Please copy exactly the part of the records below that opens with the line containing "公告 | 啟冉軟件中秋節放假通知" and closes with the line containing "1.Apply a parser", leaving out any pictures.

::: Records to process

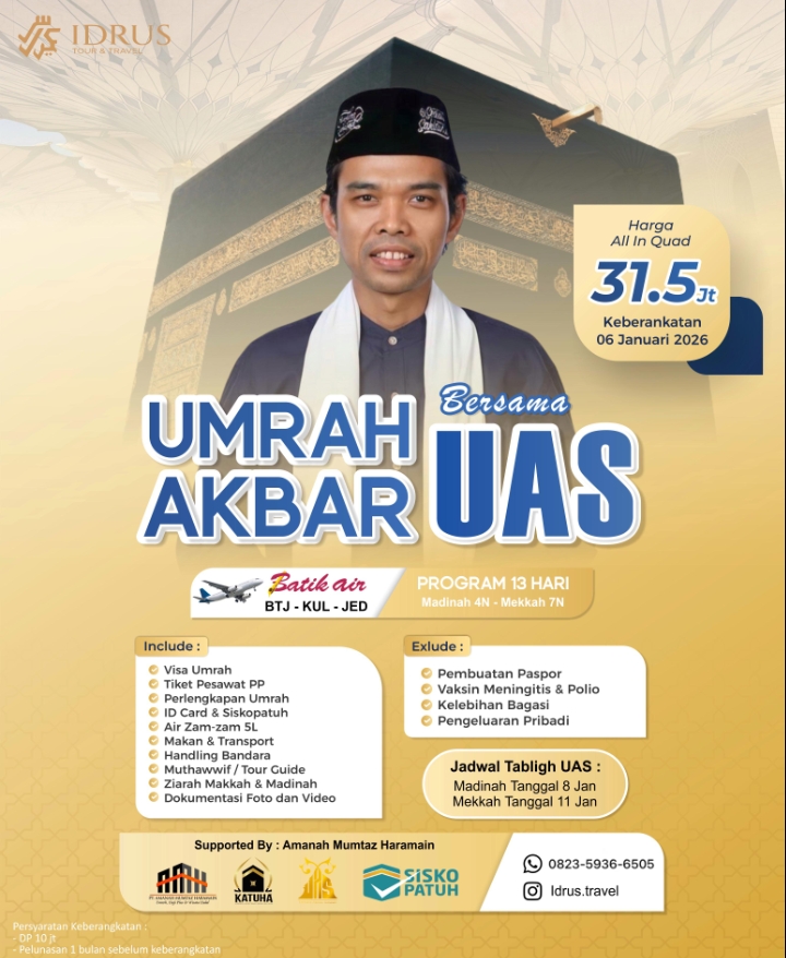 Daftar sekarang untuk Umrah Akbar Bersama Ustaz Abdul Somad (UAS), keberangkatan 6 Januari 2026 bersama Idrus Travel. Harga all in Rp31,5 juta, fasilitas lengkap, dan jadwal tabligh UAS di Madinah & Mekkah
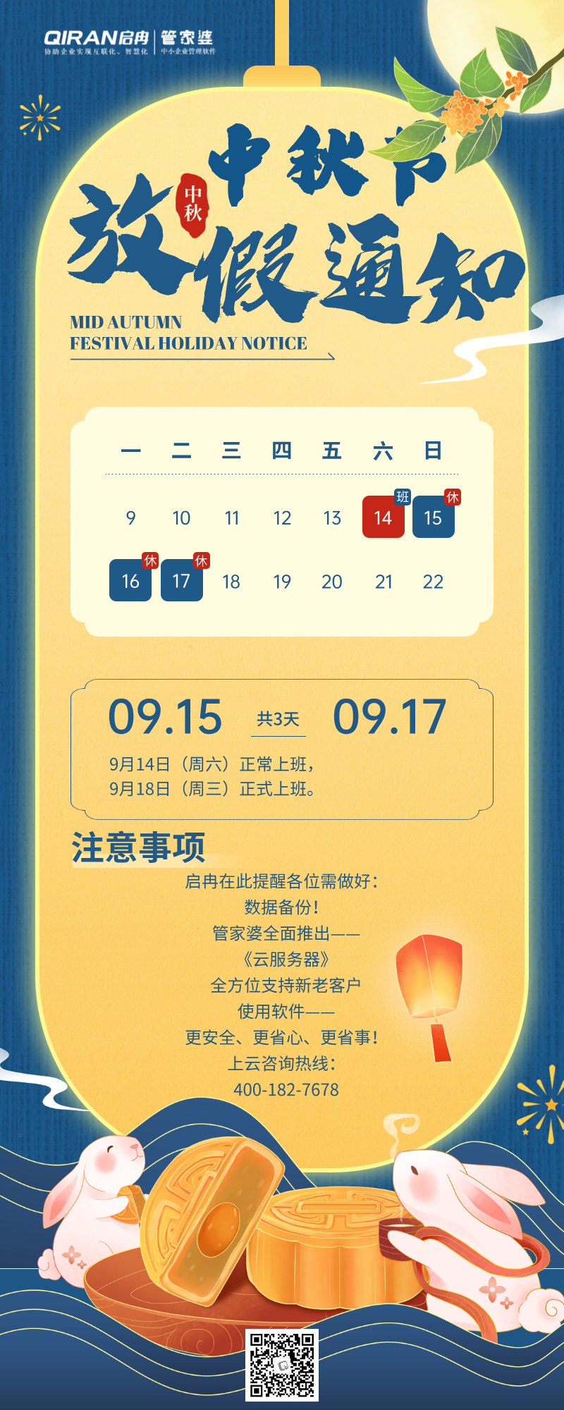 公告 | 啟冉軟件中秋節放假通知
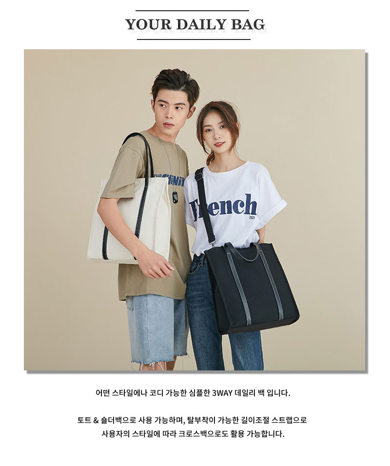 • 심플 스퀘어 토트백 숄더 크로스백 커플가방
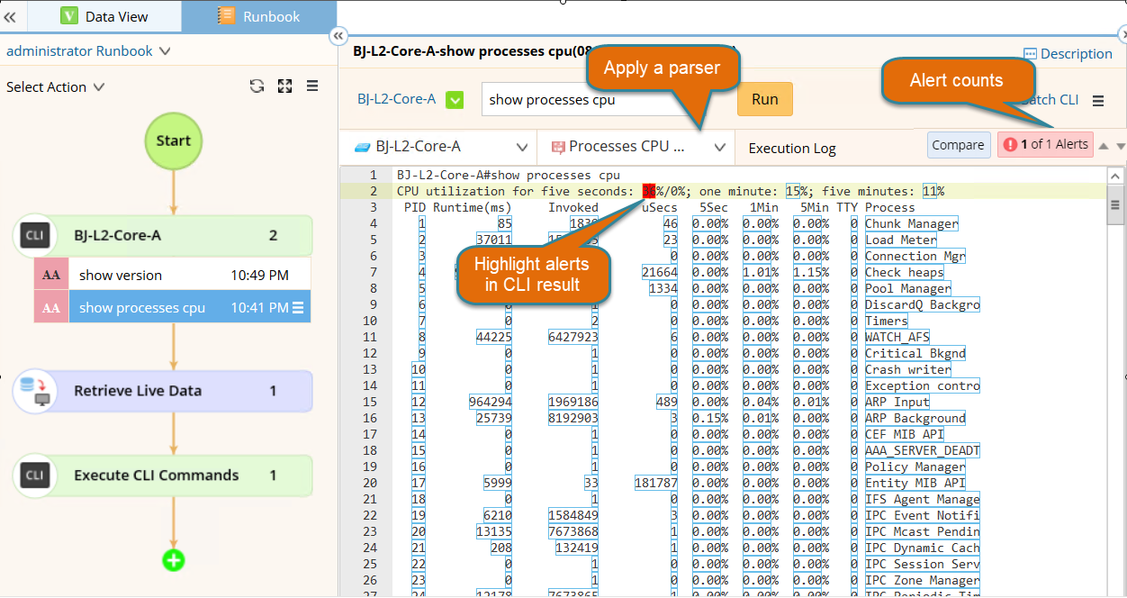 1.Apply a parser in the CLI Command node. The system automatically compares the data retrieved by the parser with Golden Baseline and generates alerts and highlights for any data unit that deviates from the Golden Baseline in the result pane.
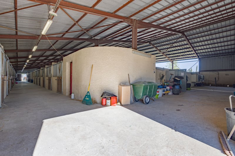 Découvrez cette structure équestre conçue en 2008 et implantée sur une parcelle de 2,5 hectares qui accueille : - Une écurie de 20 boxes 3x3.5m avec abreuvoirs automatiques, 2 selleries, un local technique, un bureau et un grand club house avec sanitaires PMR. - Un manège 40x20m, sol Vallabrix fibré, arrosage automatique et éclairage - Une carrière 40x80m, sol Vallabrix fibré, arrosage automatique - Un marcheur couvert 4 places - Une vingtaine de paddocks avec clôtures en bois, abreuvoirs automatiques et abris - Un hangar de stockage - Forage à 60m qui alimente toute la structure, rente annuelle pour location du toit pour le photovoltaïque Activité de transit de chevaux à reprendre. Les informations sur les risques auxquels ce bien est exposé sont disponibles sur le site Géorisques : https://www.georisques.gouv.fr/ Le bien est situé dans une zone soumise à l'obligation légale de débroussaillement (OLD). (*) Le prix indiqué comprend les honoraires à la charge du vendeur : 27 000 € TTC
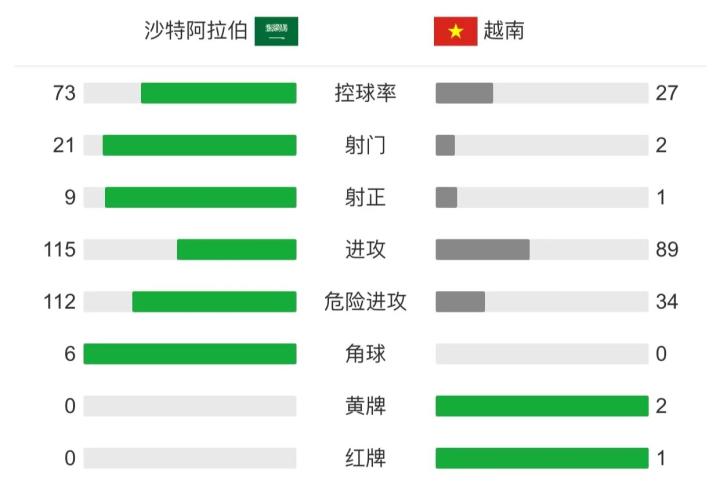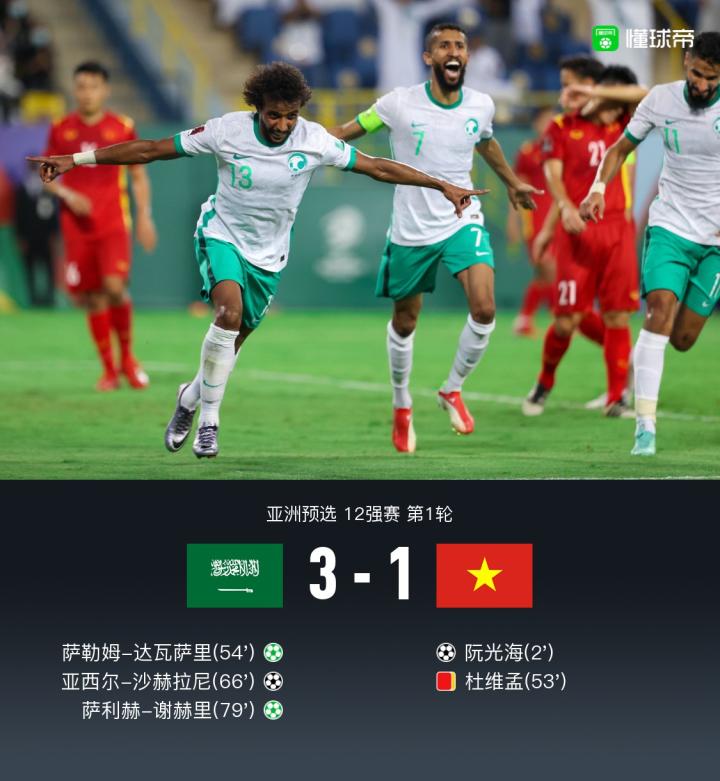 北京时间9月3日2:00,世预赛亚洲区12强赛B组第1轮,沙特阿拉伯对阵越南。上半场,阮光海远射破门,萨勒姆-达瓦萨里抽射被门将没收,奥泰夫伤退。下半场,杜维孟送点后累计两黄被罚下,达瓦萨里点射破门,沙赫拉尼头球反超,谢赫里勺子点球锁定胜局,最终,沙特3-1逆转越南

::::::

● **Written answer**:
 公告 | 啟冉軟件中秋節放假通知
 • 심플 스퀘어 토트백 숄더 크로스백 커플가방
 1.Apply a parser in the CLI Command node. The system automatically compares the data retrieved by the parser with Golden Baseline and generates alerts and highlights for any data unit that deviates from the Golden Baseline in the result pane.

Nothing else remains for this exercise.